Non solo le famiglie, anche le imprese e lo Stato percepiscono redditi. Mentre dal 2000 il reddito disponibile delle famiglie è aumentato di poco, il Pil (che comprende il reddito disponibile delle imprese) è cresciuto di più, ma ancor più nettamente è cresciuto il reddito disponibile della Pubblica Amministrazione, quella parte della pressione fiscale che serve ai servizi pubblici. Insomma, concludeva ironicamente Galimberti, «in teoria le famiglie si possono consolare pensando che hanno ricevuto maggiori redditi virtuali attraverso i servizi pubblici. Ma non è affatto sicuro che ritrovino nella quotidiana esperienza questi benefici...» Infatti, quel reddito di cui i cittadini avrebbero dovuto usufruire tramite servizi pubblici efficienti è rimasto a dir poco virtuale.
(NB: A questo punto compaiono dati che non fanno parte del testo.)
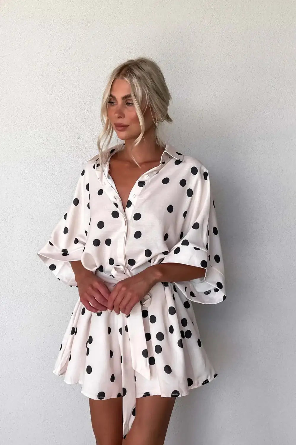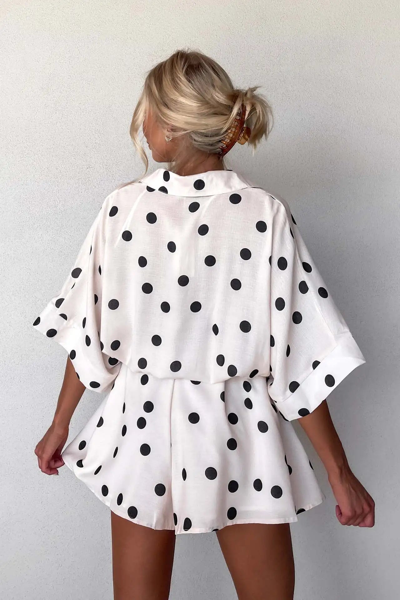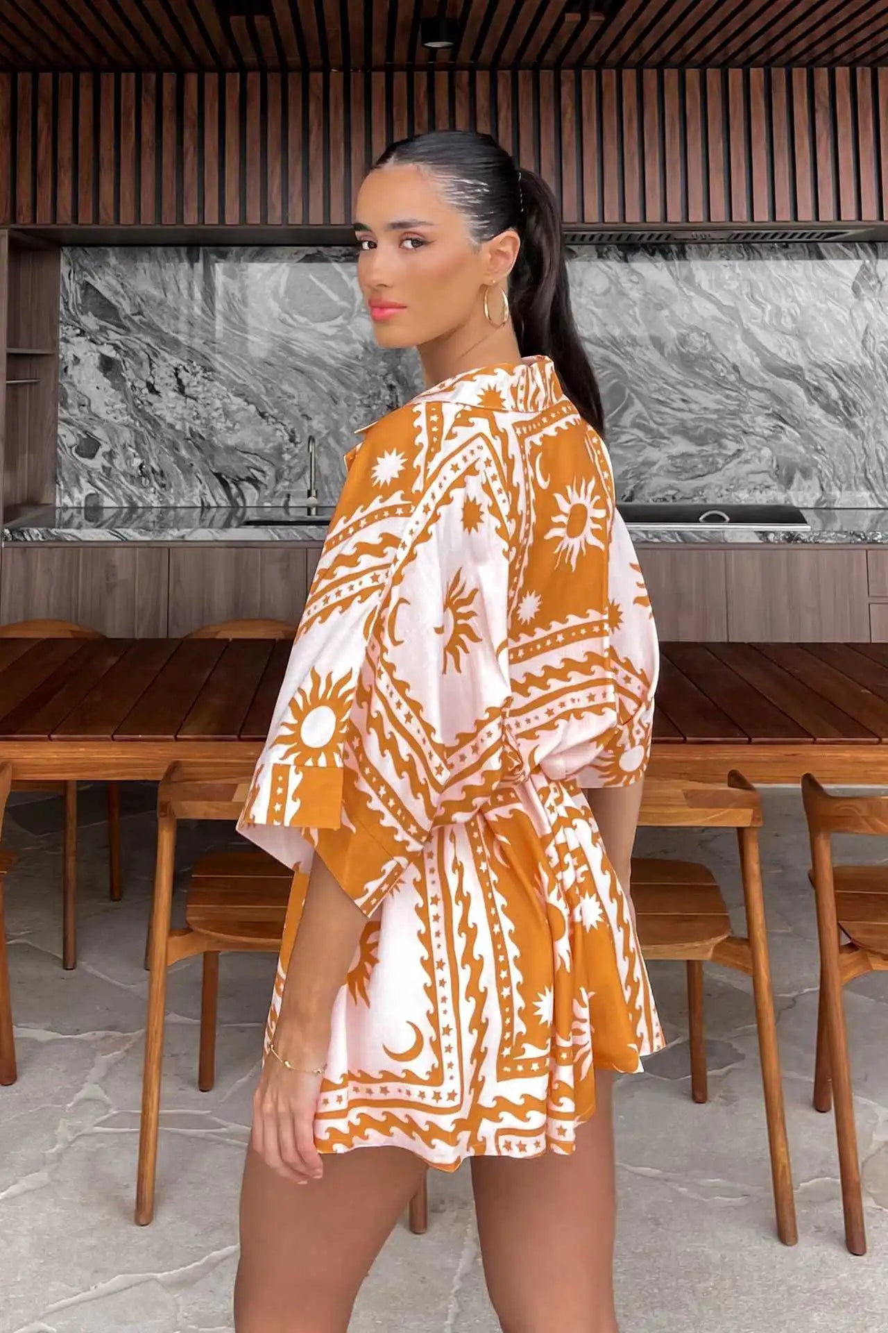 Women’s Loose Printed Pullover Half-sleeved Tie High Short Rompers Jumpsuits - 2 / M

Sarebbe un errore far leva sull'invidia sociale, scatenare nuove e fuorvianti lotte di classe tra lavoratori autonomi e dipendenti. L'unica soluzione, a nostro avviso, è tagliare radicalmente le tasse: detassare subito e completamente i nuovi aumenti salariali, gli straordinari e i premi di produttività, e magari introdurre una flat tax al 20% in 5 anni, che costringerebbe anche a ridurre la spesa pubblica. In ogni caso, tagliando in modo coraggioso le aliquote, si restituisce subito reddito nelle buste paga e si rimettono in moto i meccanismi della crescita economica in grado di produrre ulteriore reddito.